Pedestrians and cyclists, for instance, don’t seem to be too bothered to keep to the sides of the roads. Though (Wo)MMM recognizes that they’ve been done hard by, given the lack of a viable sidewalk in most places, she thinks actively using a mobile phone while walking on the road is taking things a bit too far. In one memorable instance, (Wo)MMM found the need to honk at a lady who was standing in the middle of an intersection, arguing with the person at the other end; piqued at being interrupted in the midst of her sentence, she cast a glare at (Wo)MMM before crossing the road to the other side.

Then there are the motorcyclists, speeding and taking sharp turns around blind corners with nary a care in the world. A few have done away with the precaution of wearing helmets, too. The most curious are the ones who are annoyed by (Wo)MMM stopping at red signals. They honk impatiently, irritated at being made to wait when they would rather be well on their way to wherever they’re going.

An old friend of (Wo)MMM used to have the habit of making up excuses for such fast, rebellious daredevils. “Perhaps they need to urgently visit the lavatory,” he would suggest, hoping to strike a chord of compassion in (Wo)MMM. However, (Wo)MMM remains highly dubious of such exercises in empathy – traffic violations hardly seem to be the exception and instead, seem to be quite common in our fair city. A 2019 NCRB report shows that Chennai already tops the country when it comes to road accidents, for the second year in a row in a fact. From a layman’s perspective, (Wo)MMM fears things are worse now, post-lockdown. One feels that our city can do without this distinction.

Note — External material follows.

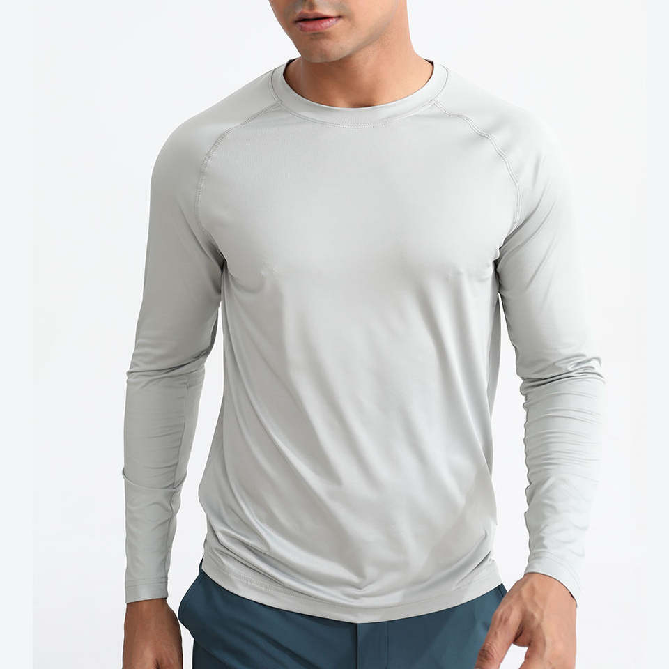 เสื้อยืดสตรีทแวร์แขนยาวของผู้ชายผ้าคอตตอนสีทึบเสื้อเจอร์ซี่พิมพ์โลโก้กำหนดเองแห้งเร็วระบายอากาศ

The Woman from Madras Musings noticed that idlis were a hotly trending topic until recently. Upon investigation, she discovered that an unassuming British gentleman had posted his personal review of the food item, labeling it ‘boring.’ The analysis instantly drew the attention of idli-lovers all over the globe. Some suggested he’s been eating it wrong all along, others urged him to give it another try with their favourite condiments and the rest responded by cleverly insulting British cuisine as a sort of tit-for-tat. The poor gentleman, rattled by the flood of responses, tried to calm things down by pointing out that he doesn’t like puttu either – all that admission served to do was to enjoin indignant puttu-lovers to the protests as well. He ended up ordering a meal of idlis and posted a selfie of himself at dinner, informing the world at large that his views remain largely unchanged.

(Wo)MMM rather admires the doggedness of the whole thing – the gentleman, for sticking to his point of view, and the gastronomes, for insisting that he’s never tasted the perfect sambar-chutney and so hadn’t actually eaten idlis the way they ought to be. There’s a lesson here, she feels – we’d all be better off making peace by agreeing to disagree with each other when the situation demands it.